Can't someone attack the left, from the left, without sounding like Newt
Gingrich on a good day?) And so it goes with Brooke Biggs's article on
the Project Censored's 1999 report, an article which contains numerous
name-callings and distortions but lacks any rigorous analysis or
argument. The range of perjoratives she deploys alone is dizzying:
"predictable and boring", "irrelevant, laughable, and cheesy".

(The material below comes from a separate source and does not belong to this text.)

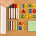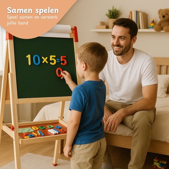Het frame van het multifunctionele leerbord is volledig gemaakt van hout; alles is perfect gepolijst en veilig voor kinderen. Het bord heeft een klassiek telraam met parels waarmee het telavontuur kan beginnen. Vervolgens kan het kind wiskundige basisactiviteiten oefenen zoals optellen, aftrekken en vermenigvuldigen. Onderaan is een mooie plank aanwezig waar krijt en ander speelgoed op gelegd kan worden. De bijgeleverde marker met spons heeft een magneet waardoor hij op het tekenbord past. Kortom: een nieuw spelavontuur voor elke peuter.

How has Biggs survived with such a farcically simplistic notion of
censorship? It is, she assures us, "a big, scary word," so scary,
apparently, that she was too scared to think clearly about it. And, even
worse, Biggs appeals to the most reactionary, conspiratorial, and parodic
notion of censorship: Censorship, she assures us a bit too breathlessly,
"implies that some covert cabal somewhere is conspiring to keep The Truth
from The People." Yeah censorship "implies" that if you're a Republican,
a media mogul, or otherwise insane. If you've read any left media
analysis -- any of Norman Solomon, Robert McChesney, Edward Herman, Noam
Chomsky -- then you can't fail to know that censorship and the
suppression of dissent is a product of structural forces, and that the
mainstream media often "covers" a story simply by parroting the official
line of government sources.
Biggs is so desperate for an argument or evidence to support her
claim that she even appeals to an obvious and ultimately trivial mistake
in the Project Censored Web site -- where "Liberation" mistakenly
appears as "Libertarian". And her defense of Clinton on the issue of
Turkey's persecution of the Kurds takes us into some kind of Twilight
Zone of Toadying For the Powerful; that Clinton admitted in 1995 that US
arms were used by Turkish thugs to exterminate Kurds is no bar to it
being a censored story in 1999 when the Turkish attacks on the Kurds
hadn't stopped and may have escalated.
In order to actually validate her claims about Project Censored,
Biggs would have needed to address some or all of these questions:
-
Why aren't these stories as newsworthy as the others the
mainstream media obsesses about? Every single story on
Project Censored's list is less newsworthy than,
say, the plight of Elian Gonzalez?
-
What kinds of reasons could there be
for the lack of mainstream attention to these stories?
-
Why is appearing in print somewhere counter-evidence
that the mainstream media has ignored these stories
to such a degree as to constitute censorship?
-
Why is the view that says censorship is often a subtle, yet
important matter of perspective, issue-framing, and limits
on what is thinkable so obviously wrong?
Biggs hints at none of these points. There may be valid criticisms of
Project Censored's operative concept of censorship, though, having just
finished the 1999 Project Censored book, I didn't see anything glaringly
problematic. If it has flaws, you won't learn about them from Biggs, and
they're dwarfed by the structual flaws in the corporate media system and
in Biggs's foolishly contrarian attack.
Censorship is often a subtle, but no less real phenomenon. Subtle but
important phenomena deserve a more discerning analysis than Mother Jones
saw fit to give to Project Censored. And for that they should be ashamed.